Create Space Time Cube (GeoAnalytics)

Summary

Summarizes a set of points into a netCDF data structure by aggregating them into space-time bins. Within each bin, the points are counted, and specified attributes are aggregated. For all bin locations, the trend for counts and summary field values are evaluated.

Illustration

Space Time Cube Creation

Usage

  • This tool aggregates Point Layer features into space-time bins. The data structure it creates can be thought of as a three-dimensional cube composed of space-time bins with the x and y dimensions representing space and the t dimension representing time.

    Space-time bins in a three-dimensional cube

  • Every bin has a fixed position in space (x,y) and in time (t). Bins covering the same (x, y) area share the same location ID. Bins encompassing the same duration share the same time-step ID. Because the cube is always rectangular even if the point data is not, some locations will have point counts of zero for all time steps. For many analyses, only locations with data—with at least one point count greater than 1 for at least one time step—will be included in the analysis.

    Locations in the space-time cube

  • Each bin in the space-time cube has LOCATION_ID, time_step_ID, and COUNT field values, and values for any Summary Fields that were aggregated when the cube was created. Bins associated with the same physical location will share the same location ID and together will represent a time series.

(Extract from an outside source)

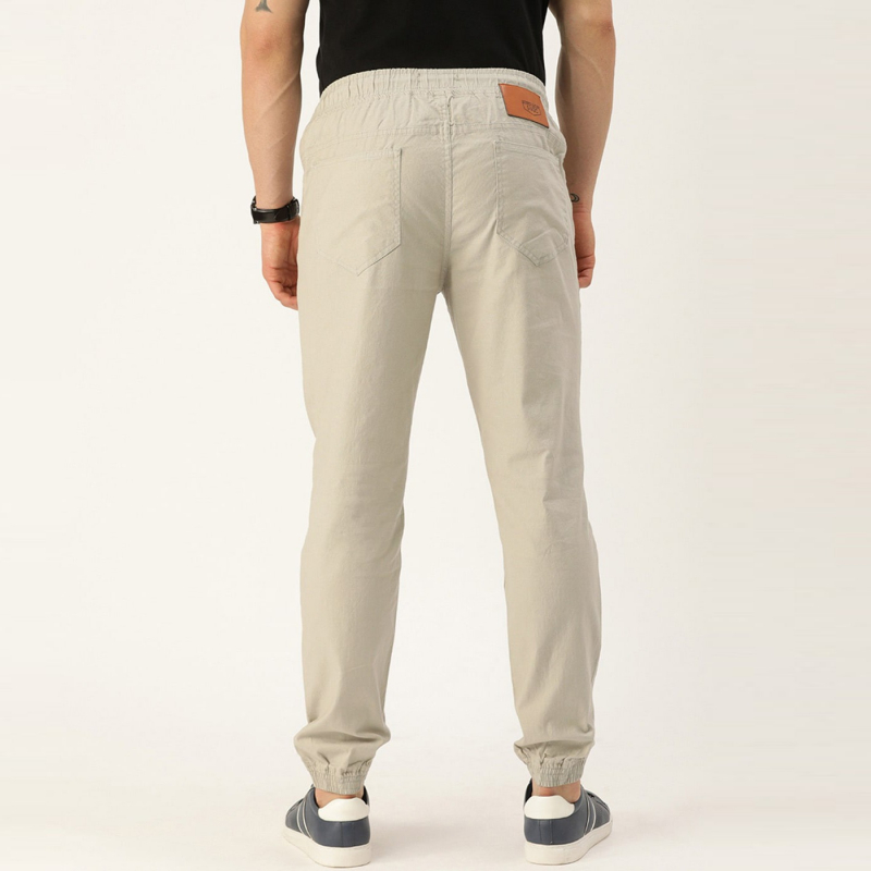 بنطال رياضي أبيض صلب متوسط الارتفاع، برباط تضييق للإغلاق، أربعة جيوب

Bins associated with the same time-step interval will share the same time-step ID and together will comprise a time slice. The count value for each bin reflects the number of points that occurred at the associated location within the associated time-step interval.

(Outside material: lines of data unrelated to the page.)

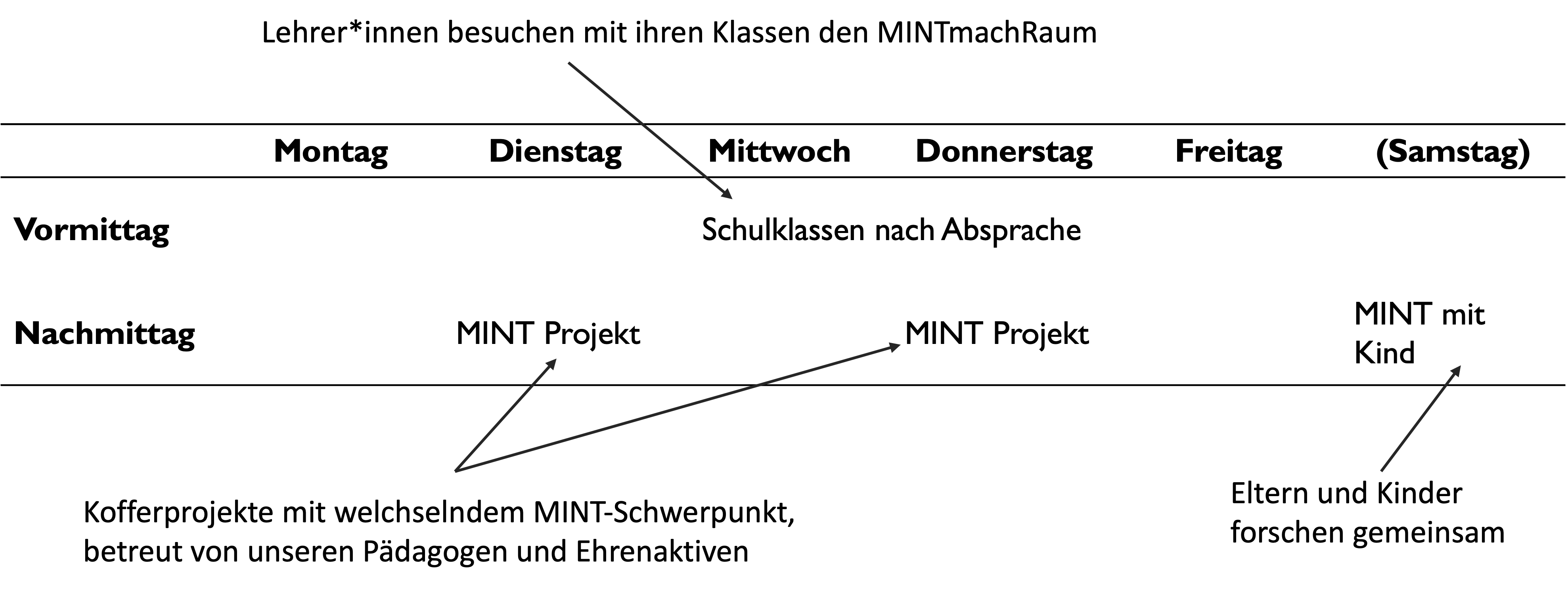 MINT kann vieles bedeuten – und auch in einem MINT-Mach-Raum kann man vieles gestalten. Eine typische Woche in unserem MINTmachRaum kann so aussehen. Nach Absprache können uns Schulklassen vormittags besuchen, um selbständig oder angeleitet MINT-Projekte zu bearbeiten. Nachmittags wird ein MINT-Programm mit wechselndem Schwerpunkt (M, I, N, T) angeboten, der sich auch nach Interessen und Alter unserer Besucher:innen richtet.
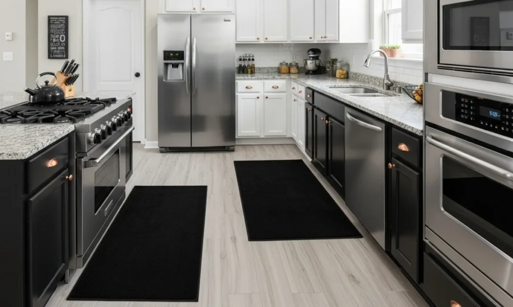 8. Using Black Rugs in a Modern Kitchen
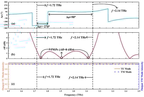 Based on the transfer matrix method of the layered structure theory [], the propagation characteristics of EM waves can be calculated, with specific contents detailed in Section 2. When the Te is fixed as 300 K and B is equal to 0.98 T, a certain polarization conversion from LPWs to RHCPWs can be achieved in the range of 1.72 THz~2.14 THz. As shown in Figure 2a,b, the Δφ is 90° or −270° and AR is smaller than 3 dB within the frequency coverage of 1.72 THz~2.14 THz, representing the polarization state of the output EMs is RHCPWs. Notably, in Figure 2b, there are three frequency points of AR being 0 dB, called PMPs, in the operating frequency band, which are regarded as the manifestation of CPPC []. Here, the state of the output EM waves is standard CPWs under the case of meeting the conditions of PMPs. According to Equations (18), (19) and (20), to make the AR of EM waves equal to 0 dB, the Δφ must remain 90° ± 180°n (n = 0, 1, 2…), and the amplitude of electric fields related to TE waves is the same as that of TM waves. So, if the output EM waves do not satisfy the conditions of PMPs, the state of the output EM waves can be CPWs, LPWs, or EPWs, the AR of which can not form an obvious and easy-to-distinguish frequency peak. However, owing to the fact that biosensing, based on EM waves, usually needs to establish a linear relationship between the displacement of a detecting frequency peak and changes in the detected biomass, there are only the PMPs suitable for biosensing based on the CPPC strategy. The specific discussion of PMP used for detection will be illustrated below. Moreover, as shown in Figure 2c, when the output EM waves are RHCPWs, the energy loss of EMs under the TE and TM modes is nearly approaching 0, allowing polarization conversion from LPWs to RHCPWs to have an extremely high polarization conversion rate based on the interference of coherent EM waves.
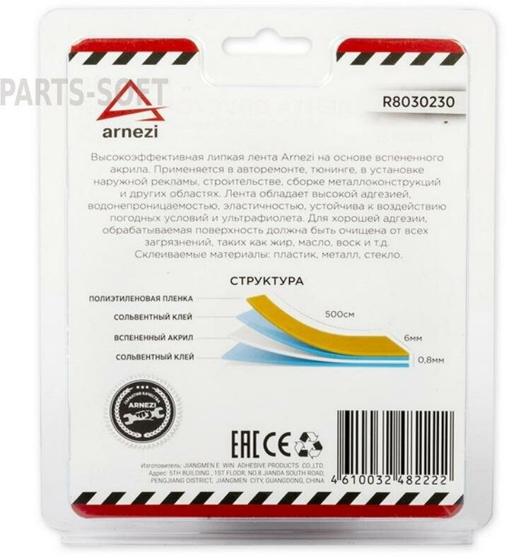 Купить Лента Липкая Двусторонняя 0.8мм X 6мм Х 5м Акриловый. В Блистере Arnezi R8030230 ARNEZI арт. R8030230
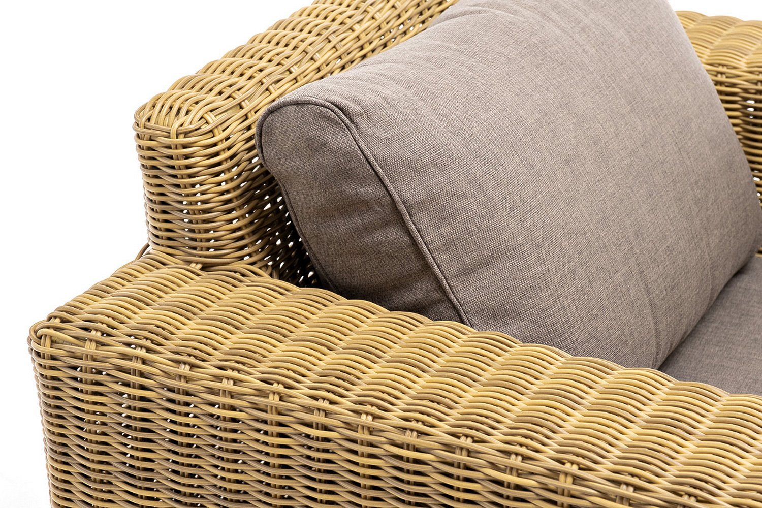 Кресло Боно имеет широкие подлокотники, просторное сиденье и невысокую спинку. Оно изготовлено из алюминия и искусственного ротанга, габаритные размеры в собранном виде - 100х77,5х90 см. Цвет кресла – бежевый (соломенный), что позволяет ему отлично смотреться в любом интерьере.
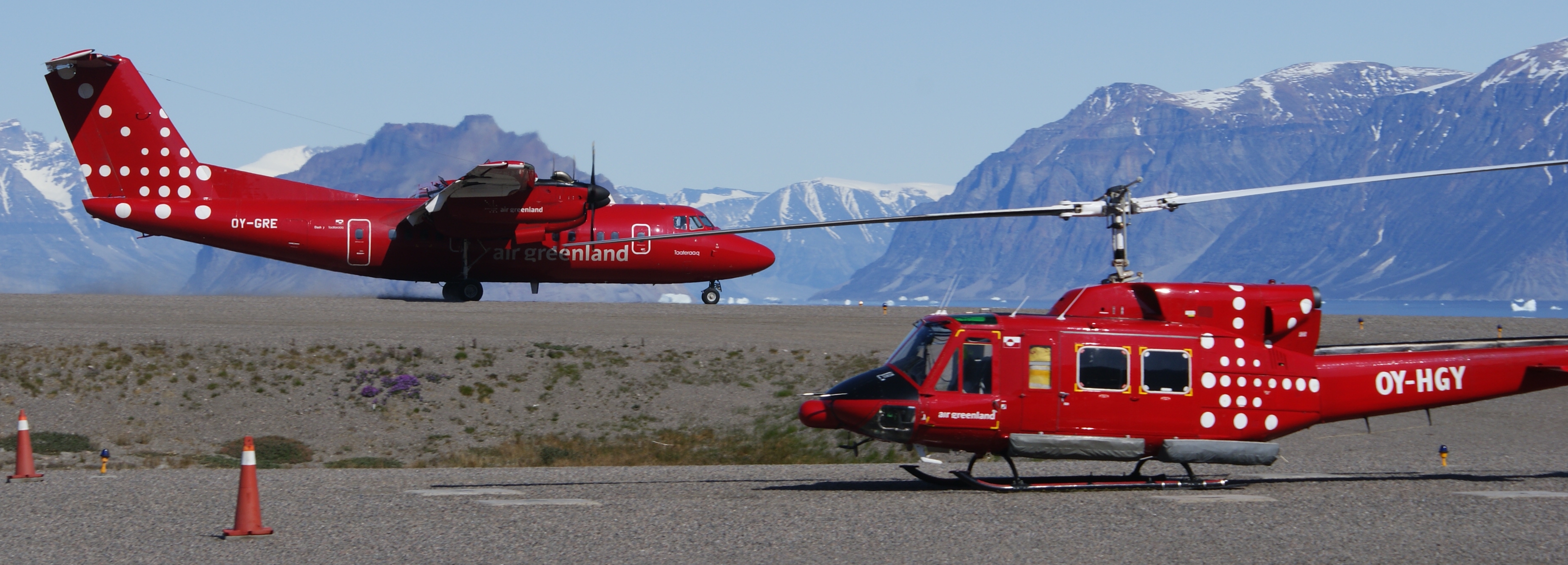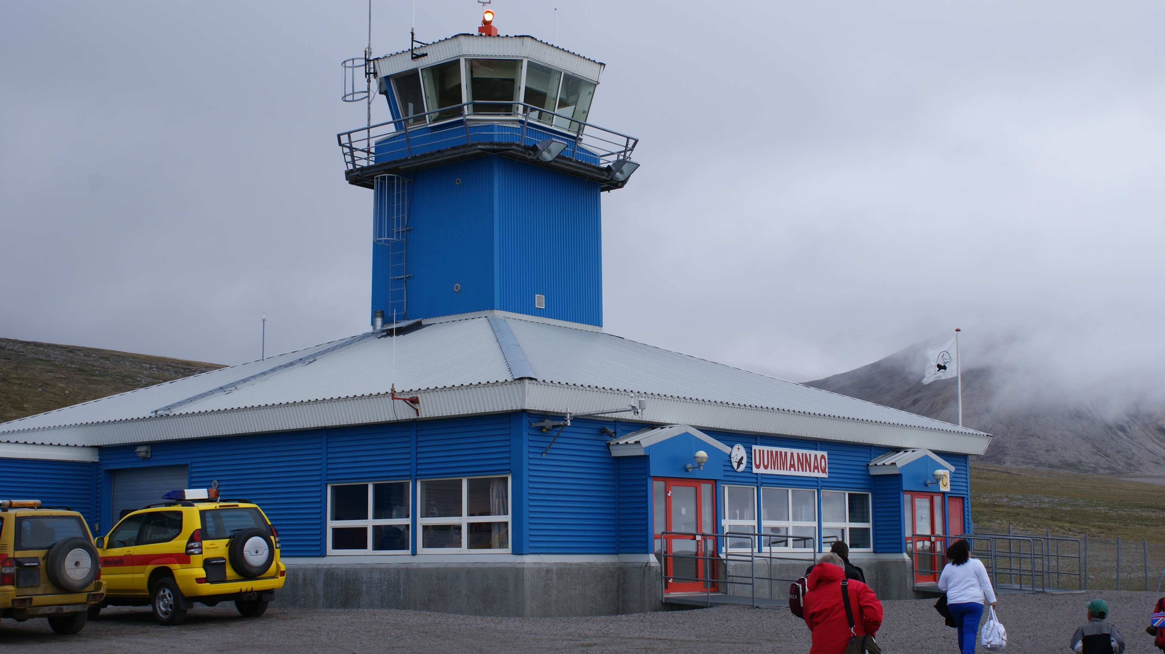 HistoryQaarsut airport was inaugurated on 29 September 1999, with the purpose of serving the much larger neighboring town of Uummannaq, 13.5 NM (25.0 km; 15.5 mi) southeast of the airport, located on an island of the same name in the south-central part of Uummannaq Fjord. The island−merely 23 km (14 mi) away in a direct line across Sarqarput Strait−is too small and rocky to host an airport of sufficient size to accommodate fixed-wing aircraft of Air Greenland. Air Greenland passengers transfer between Bell 212 helicopters and fixed-wing aircraft in Qaarsut The airport thus functions as a mini-hub for Uummannaq, with the terminal building labelled 'Uummannaq', regardless of its actual location, registration, documentation, and existing booking systems. BottlenecksThe decision to build the airport in Qaarsut was intended to solve the bottleneck on the Ilulissat-Uummannaq route (164 km), until then operated by Air Greenland with Sikorsky S-61N helicopters. Acquired in 1965, they are the oldest machines in the fleet of the airline, still in operation year-round in southern Greenland and during wintertime in the Disko Bay area south of Qaarsut. Air Greenland Bell 212 helicopter shuttling passengers between Qaarsut and Uummannaq The bottleneck problem is considered unsolved, since passengers must still be shuttled between the airport and Uummannaq Heliport. The primary function of the airport as a local hub has unintended consequences for communities of northern Greenland. All flights to Qaanaaq Airport include a stopover in Upernavik Airport. In order to avoid an overnight layover in Upernavik, all Qaanaaq-bound passengers must travel via Qaarsut. Flights on the Ilulissat-Qaarsut route are often sold out, which given a single weekly flight to Qaanaaq leaves passengers unable to travel to or from the northern communities, resulting in resentment. As of 2017, it is possible to travel Ilulissat–Qaanaaq or opposite within a day with only one plane change in Upernavik without touching Qaarsut. FutureProposals to close the airport have to date been rejected. Sunk costs, tourism potential for northwestern and northern Greenland, and the 2010 reinvigoration of the mining activities in Maamorilik northeast of Ukkusissat, as well as on Appat Island in the future−are the primary reasons for keeping the airport open. ATC tower and 'mislabeled' terminal Check-in desk of Qaarsut Airport Waiting area of Qaarsut Airport Airlines and destinations

  • The Point Layer parameter must be points, such as crime or fire events, disease incidents, customer sales data, or traffic accidents. Each point must have a date associated with it. The tool requires a minimum of 60 points and a variety of time stamps. The tool will fail if the parameters specified result in a cube with more than two billion bins.

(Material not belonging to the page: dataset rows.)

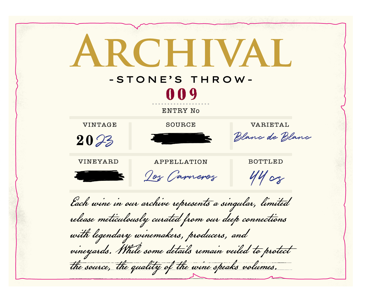 Our first white is here! And it’s the bubbly kind. There are few things finer in this world than a great Champagne or well-made sparkling. “Wine gives one ideas, whereas Champagne gives one strategies” said Roman Payne. This is definitely one to plan conquests with, whether you’re formulating your next move in Catan or simply looking for WOTN against some grower offerings from the motherland, Champagne. 2023 was truly a remarkable vintage, and I say that without hyperbole. The “base wine” for this sparkler comes from a single vineyard so special it deserves to remain veiled. Bring a wine consultant who crafted many esteemed cuvées at Schramsberg for 12 years into the picture, and you end up with some bubbles that rival many a Grand Cru from the motherland. As we tasted various lots, some were mediocre, others worth a raised-eyebrow, and one earned a definitive, eye-popping “YES” – that was with “no dosage” when we tasted it. After 15 months “en tirage”, this had developed into something beautiful. We locked it down, and then came the next move: dosage trials. Mike and I tend to favor a drier style – less dosage, more tension. This wine flat-out rejected anything above Extra Brut, finally finding its voice at 3.5 g/L. As a still winemaker, the dosage trial process was a revelation. It’s not linear, a touch more or less sugar can completely reshape the wine, accentuating the palate or lifting the aromatics in ways that surprise you. For me, the soul of a great sparkling wine lies in its aromatics and finish. I admire wines that are razor-sharp and racy, as much as those rich in brioche and nuttiness. But when a Champagne has alluring aromatics and a finish that clings like my 6-year-old son at morning drop off, that’s when I’m hooked. This Blanc de Blanc finds its own balance: not esoteric and lean, nor broad and yeasty. It has just the right weight on the palate while staying brilliantly bright. Aromas of citrus blossom and gently baked apple rise from the glass, with perhaps some jicama or jackfruit mixed in there. That’s accented by wisps of nutmeg spice and river stones, all of which keep my nose lingering too long before I remember to take a sip. If we could bottle this as the next Chanel No., we would. For now, I’ll just remain awestruck between sips, and captivated by a finish that goes into extra-innings. It’s going to be hard not to squirrel away a few cases for myself. But with only 44 cases bottled, there simply isn’t enough to be selfish. For those newer to sparkling wines: “Blanc de Blanc” means a white wine made entirely from white grapes, in this case, 100% Chardonnay, the noblest of Champagne varieties. Not to slight Pinot Meunier or Pinot Noir, but I’ve always been captivated by the pure, crystalline expression of Chardonnay in sparkling form. This is, of course, made in the “Méthode champenoise”. It was disgorged on November 10 at approximately 9:30 am (for those who like precision in their wine notes). We know this because it was a fantastic way to start the week, as quality assurance was being done on the bottling line. We didn’t label this wine “Extra Brut,” though it technically sits in that 0–6 g/L range. The nomenclature can be arbitrary — so we chose to let the wine speak for itself. It lands right in the heart of that spectrum: bright, elegant, and endlessly inviting. This outperforms many Champagne and sparkling 2-3x the price. And being our smallest production to date, it probably won’t last long. Don’t tempt fate!
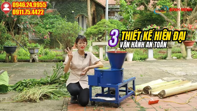Ưu điểm thứ ba là thiết kế hiện đại, vận hành an toàn. Máy được thiết kế với cửa nạp nguyên liệu đặt nghiêng thuận tiện, giúp bà con đứng ở nhiều vị trí khác nhau vẫn có thể dễ dàng đưa nguyên liệu vào máy. Phễu nạp được làm sâu và rộng giúp hạn chế tối đa nguy cơ tiếp xúc với bộ phận dao bên trong, đảm bảo an toàn cho người sử dụng.
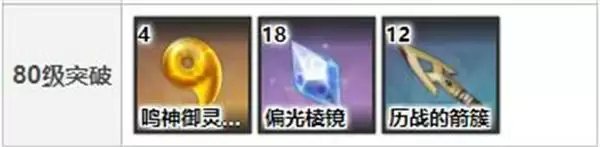 80级:鸣神御灵的勇武*4、偏光棱镜*18、历战的箭簇*12、摩拉*4.5万
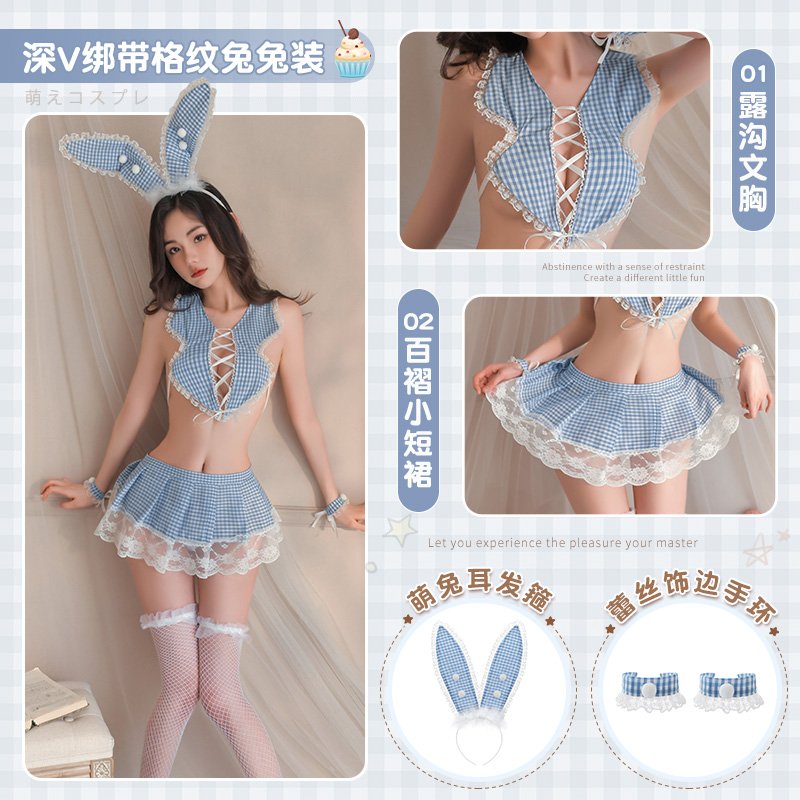 首页 情趣服饰 情趣套装 猫女兔女 深V绑带清新格纹兔女仆装

  • This tool requires projected data to accurately measure distances.

  • Output from this tool is a netCDF representation of the input points. The resulting space time cube will be downloaded directly to the machine on which you run the analysis. The location will be specified in the tool messages.

  • It is not uncommon for a dataset to have a regularly spaced temporal distribution. For instance, you might have yearly data that all falls on January 1 of each year, or monthly data that is all time stamped the first of each month. This kind of data is often referred to as panel data. With panel data, temporal bias calculations will often show high percentages. This is to be expected, as each bin will only cover one particular time unit in the given time step. For instance, if you chose a 1-year Time Interval and your data fell on January 1 of each year, each bin would only cover one day out of the year. This is perfectly acceptable since it applies to each bin. Temporal bias becomes an issue when it is only present for certain bins due to bin creation parameters rather than true data distribution. It is important to evaluate the temporal bias in terms of the expected coverage in each bin based on the distribution of the data.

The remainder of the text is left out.